Article 39 has been granted permission for a judicial review of changes made to legislation surrounding children in care which were made in response to the COVID-19 crisis.
The children’s rights charity threatened the Department for Education with legal action over changes made to the legislation saying it made 65 losses or dilutions of safeguards for children in care, and children who could come into care – affecting many thousands of the most vulnerable children in the country.
Carolyne Willow, Article 39’s Director, said: “Children in care should be receiving the very best protections we can offer during this global pandemic. Families up and down the country have responded to these very frightening and uncertain times by changing their work and home routines to ensure their children’s needs are properly met. Removing legal protections from children in the care of the state inevitably puts them at great risk, and we know from past tragedies that too often children’s suffering goes hidden until it is too late and the harm has been done.”
“Before the pandemic, at least half of local authorities were struggling to meet their statutory children’s social care duties – as judged by Ofsted – and councils have been saying for years that they are desperate for funds to meet the needs of children and families. Ministers should have been focused on ensuring local authorities had the financial support they needed to keep children in care safe and protected, rather than dismantling safeguards which their own statutory guidance states are vital and important.
“As a very small charity, any legal action we take to protect the rights of children involves financial risk and we are delighted the court has agreed to cap our costs should we lose the case.”
The Adoption and Children (Coronavirus) (Amendment) Regulations 2020 – also known as Statutory Instrument 445 – made were laid before Parliament on 23 April and came into force the very next day and make around 100 changes to 10 sets of children’s social care regulations. The government said the changes were made in response to COVID-19.
Given the seriousness of the legal changes, and the vulnerability of the affected children, Article 39 asked the court for the case to be expedited (happen sooner rather than later) and this has also been agreed. The High Court hearing will take place on 27 and 28 July.
The High Court has granted permission for judicial review on three separate grounds:
1)That the Department for Education failed to consult before making the changes to children’s legal protections;
2)That the Regulations are contrary to the objects and purpose of primary legislation, particularly the Children Act 1989;
3)That the Education Secretary, Gavin Williamson MP, breached his general duty to promote the well-being of children in England.
Permission was not granted on the fourth ground, relating to Parliamentary procedure and failure of the government to make time for Members of Parliament and Peers to scrutinise the changes prior to them coming into force.
Article 39 is represented by Oliver Studdert from Irwin Mitchell, Jenni Richards QC and Steve Broach from 39 Essex Chambers, and Khatija Hafesji from Monckton Chambers. Oliver Studdert, partner at Irwin Mitchell, said: “This is a very important legal case which seeks to protect vulnerable children’s rights. In listing the case for a full hearing to be heard in just five weeks’ time, the High Court recognises the urgent and important nature of Article 39’s challenge. The Secretary of State did not comply with legal duties to consult with those most impacted by the significant and wide-ranging changes which the Regulations introduced. The children and young people in our care system rely on the support of the local authority, who should care for them as a parent would care for their child. These are some of the most vulnerable people in society, yet these Regulations have removed essential safeguards which were previously deemed necessary to keep them safe. In a time of crisis where many children in the care system need more support, they are being given less.”

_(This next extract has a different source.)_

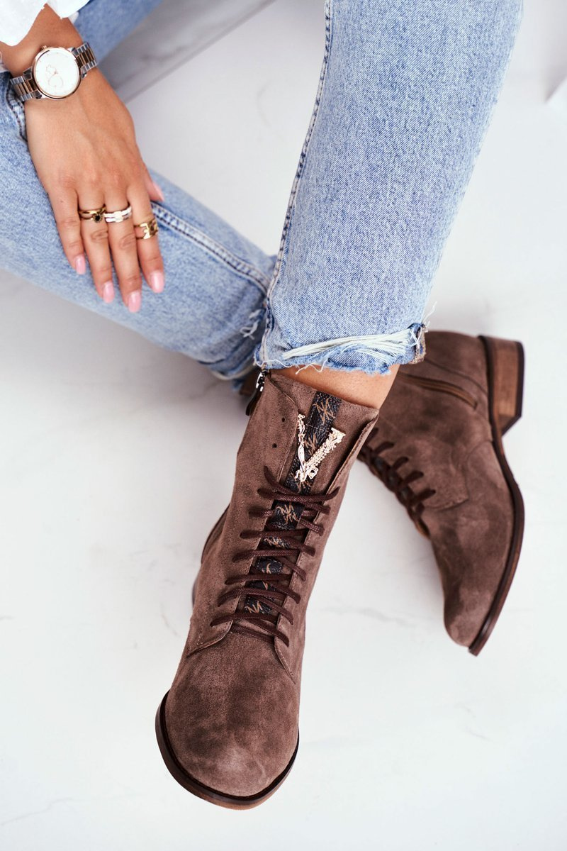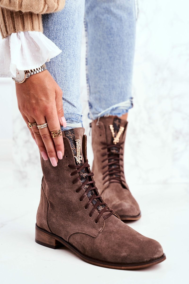 Черевики - це не тільки взуття для холодних днів. Вони також чудово підходять для створення весняних стилізацій. Взуття виготовлене з натуральної шкіри нубук. Орнамент у вигляді золотої літери V виглядає красиво і підкреслює їх стиль. Застібку-блискавку, вшиту збоку, буде легше надіти, а шнурки забезпечать кращу посадку. Черевики на тонкому плоскому каблуці. При виборі розміру скористайтеся таблицею розмірів.

The judicial review was granted just days after a children’s rights campaigner, John Radoux, received a freedom of information (FOI) response from the Department for Education which stated that no organisations made any request for specific changes to the 10 sets of regulations. This is despite an official government document for Parliament (published in April, with the Regulations) stating that: “Key stakeholders across the children’s social care sector were consulted … [They] provided suggestions for suitable amendments and have subsequently been provided with further detail of the changes that are being made and have provided broad support”.
On 5 May, the Education Secretary told Parliament: “On the regulations we have laid, we worked very closely with the ADCS – the Association of Directors of Children’s Services – on how we make sure we do everything we can to maintain the very best support for all children when they are in care. It and the sector have specifically asked us to make sure that some flexibilities are made available to them”.
The FOI response also told Radoux it was impossible to give the start and end dates of the consultation which preceded the Regulations because “there was no formal consultation”.